DESCRIPTION (provided by applicant): Radiotherapy remains as a major component of treatment modalities for controlling tumor progression and the majority of glioblastoma multiforme (GBM) tumors recur within or at the margin of the radiation field. The unexpected biological effect of irradiation involves an altered profile of MMP-2 and MMP-9 expression and activity and provides evidence of a scenario where irradiation might promote angiogenic and invasion-related gene expression, thereby increasing invasive and angiogenic glioma cell behavior. To elucidate the interactions between radiation and MMPs in glioblastomas, we propose the following specific aims: Specific Aim 1. Determine the effects of irradiation on MMPs/TEMPs in human endothelial and glioblastoma cells, a) Increases in MMP expression and activity during radiation therapy have potential therapeutic implications. We will determine the effects of radiation and glioblastoma-endothelial interactions on MMPs/TIMPs expression, secretion and angiogenesis in vitro in endothelial cells, b) Increased expression and activity of MMPs in irradiated tumor and endothelial cells will be modulated by antagonists and antisense RNAs of MMP-2 and MMP-9 through expression plasmids and adenoviral vectors and will be evaluated in co-cultures for the modulation of angiogenesis in vitro in endothelial cells with and without irradiation. Specific Aim 2. Determine the effects of antisense MMP-2 and MMP-9 inhibition on glioma angiogenesis in vivo. Malignant glioma is one of the most radioresistant tumor types and tumor vascular endothelium is resilient to cytotoxic effects of ionizing radiation. In this aim, we will study the effect of a) adenoviral-mediated antisense suppression of MMP-9 expression under the control of a radiation-responsive (Erg/CMV) chimeric promoter with and without radiation treatment and b) adenoviral-mediated antisense suppression of MMP-9 expression under the control of an endothelial-specific (flt-1) promoter on tumor growth delay, microvessel density, apoptotic index and relative MMPs/TIMPs levels in tumors during tumor growth in the mouse brain. The proposed studies should generate major insights into the pathogenesis of radiation-induced alterations in GBM tumors and, in turn, demonstrate that MMPs inhibition during radiotherapy may represent a new therapeutic approach in improving the therapeutic efficacy of radiotherapy for malignant gliomas.

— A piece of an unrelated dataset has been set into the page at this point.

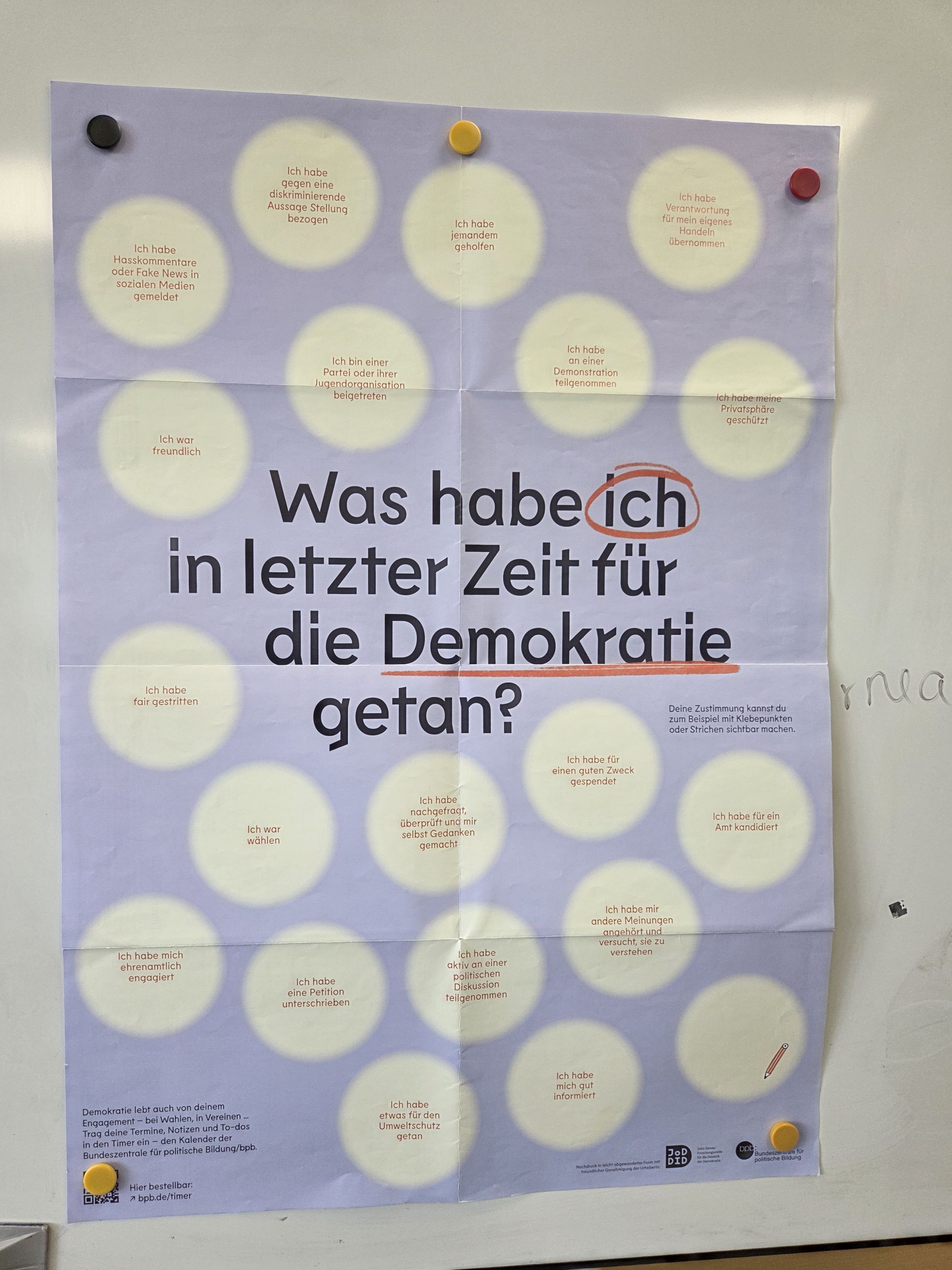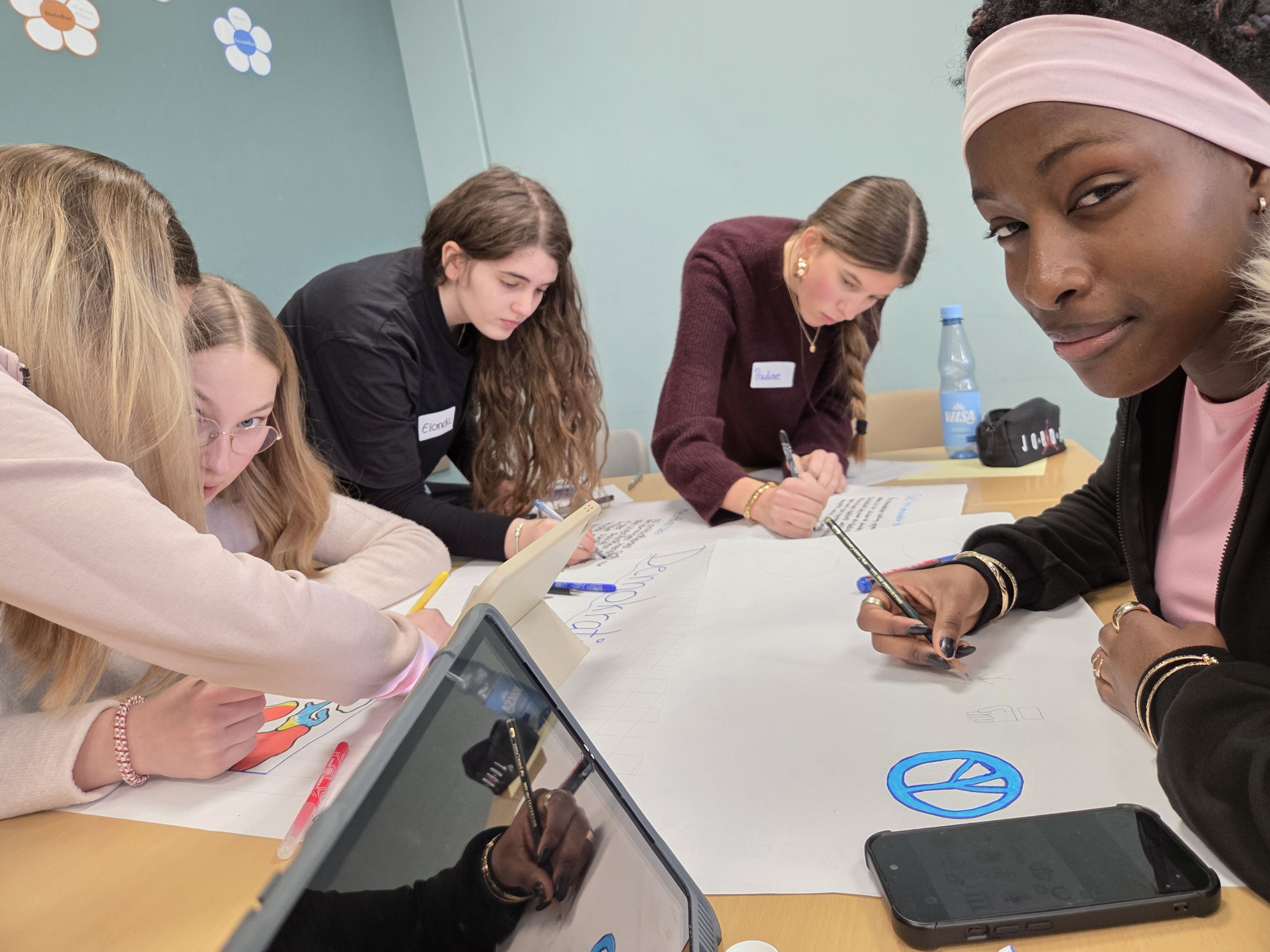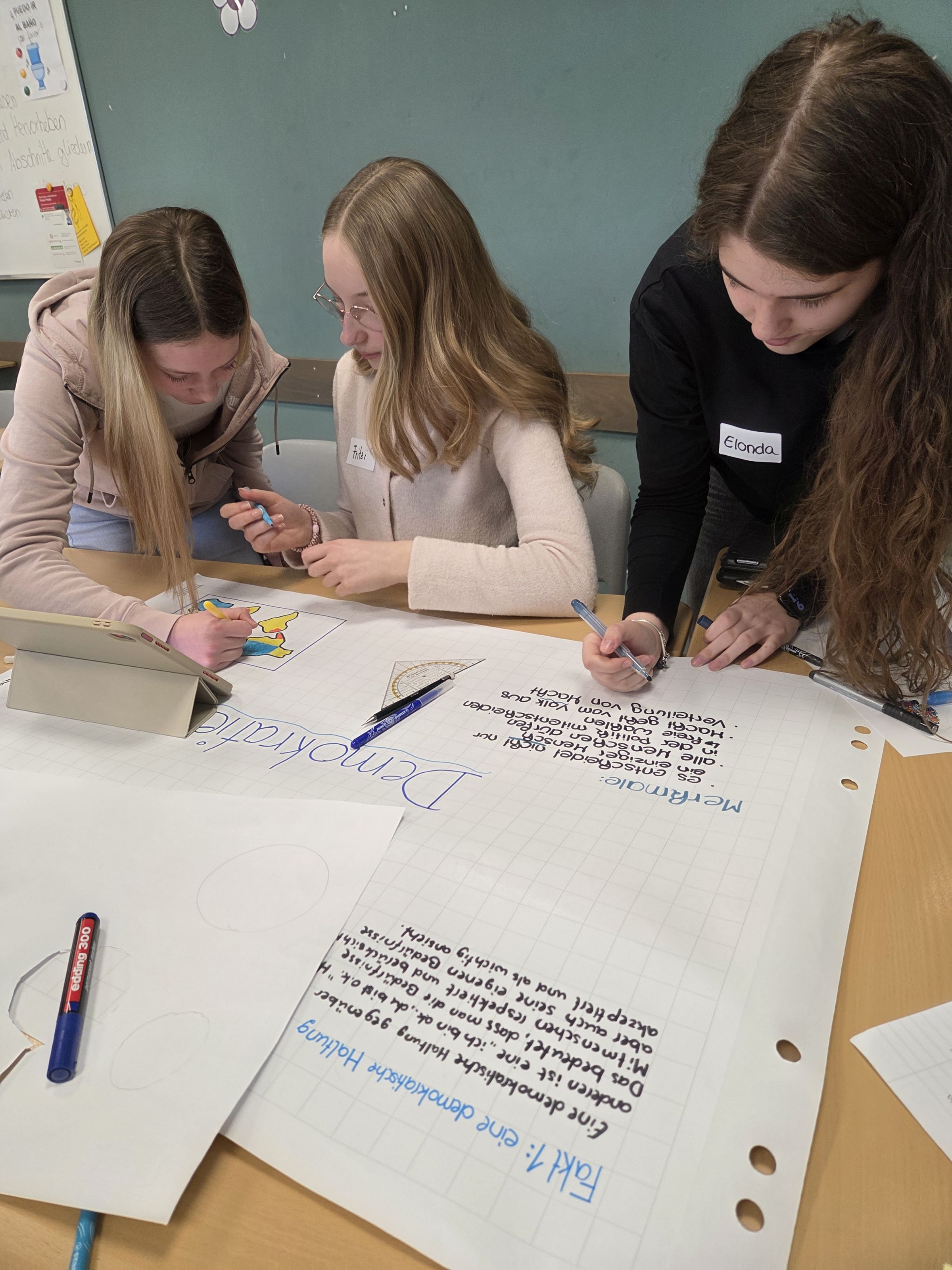 Die Schülerinnen Favour, Fritzi, Shiloh, Pauline und Elonda möchten ihr Wissen nun an die Schulgemeinschaft weitergeben. Ihr Ziel ist es, andere Lernende zu sensibilisieren und gemeinsam Ideen zu entwickeln, wie unsere Schule noch demokratischer gestaltet werden kann und wie demokratische Werte gestärkt werden können.

描述（由申请人提供）：放疗仍然是控制肿瘤进展的治疗方式的主要组成部分，并且大多数胶质母细胞瘤多形（GBM）肿瘤在辐射场的边缘内或在辐射场的边缘内复发。辐照的意外生物学作用涉及MMP-2和MMP-9表达和活性的变化，并提供了一种情况，即辐射可能促进血管生成和侵袭相关的基因表达，从而增加了浸润性和血管生成性神经瘤细胞的行为。为了阐明胶质母细胞瘤中辐射与MMP之间的相互作用，我们提出以下特定目的：特定目的1。确定辐射对人内皮细胞和胶质母细胞瘤细胞中MMP/TEMP的影响，a）在放射治疗过程中MMP表达和活性的增加具有潜在的治疗疗法。我们将确定辐射和胶质母细胞瘤 - 内皮相互作用对内皮细胞体外体外的MMP/TIMP表达，分泌和血管生成的影响，b）b）在辐射的肿瘤和内皮细胞中MMP的表达和活性增加，将由MMP-2和MMP-2和MMP-2的反义rnas进行调节，并通过对拮抗剂和抗浓度的RNA进行调节。在内皮细胞中调节体外血管生成的共培养。具体目标2。确定反义MMP-2和MMP-9抑制对体内神经胶质瘤血管生成的影响。恶性神经胶质瘤是最放射耐药的肿瘤类型之一，肿瘤血管内皮对电离辐射的细胞毒性作用有弹性。 In this aim, we will study the effect of a) adenoviral-mediated antisense suppression of MMP-9 expression under the control of a radiation-responsive (Erg/CMV) chimeric promoter with and without radiation treatment and b) adenoviral-mediated antisense suppression of MMP-9 expression under the control of an endothelial-specific (flt-1) promoter on tumor growth delay, microvessel density,小鼠脑中肿瘤生长过程中肿瘤中的凋亡指数和相对MMP/TIMP水平。拟议的研究应产生对辐射诱导的GBM肿瘤改变的发病机理的重大见解，进而证明，放疗过程中MMPS抑制作用可能代表了一种新的治疗方法，以提高恶性肿瘤的放射治疗的治疗功效。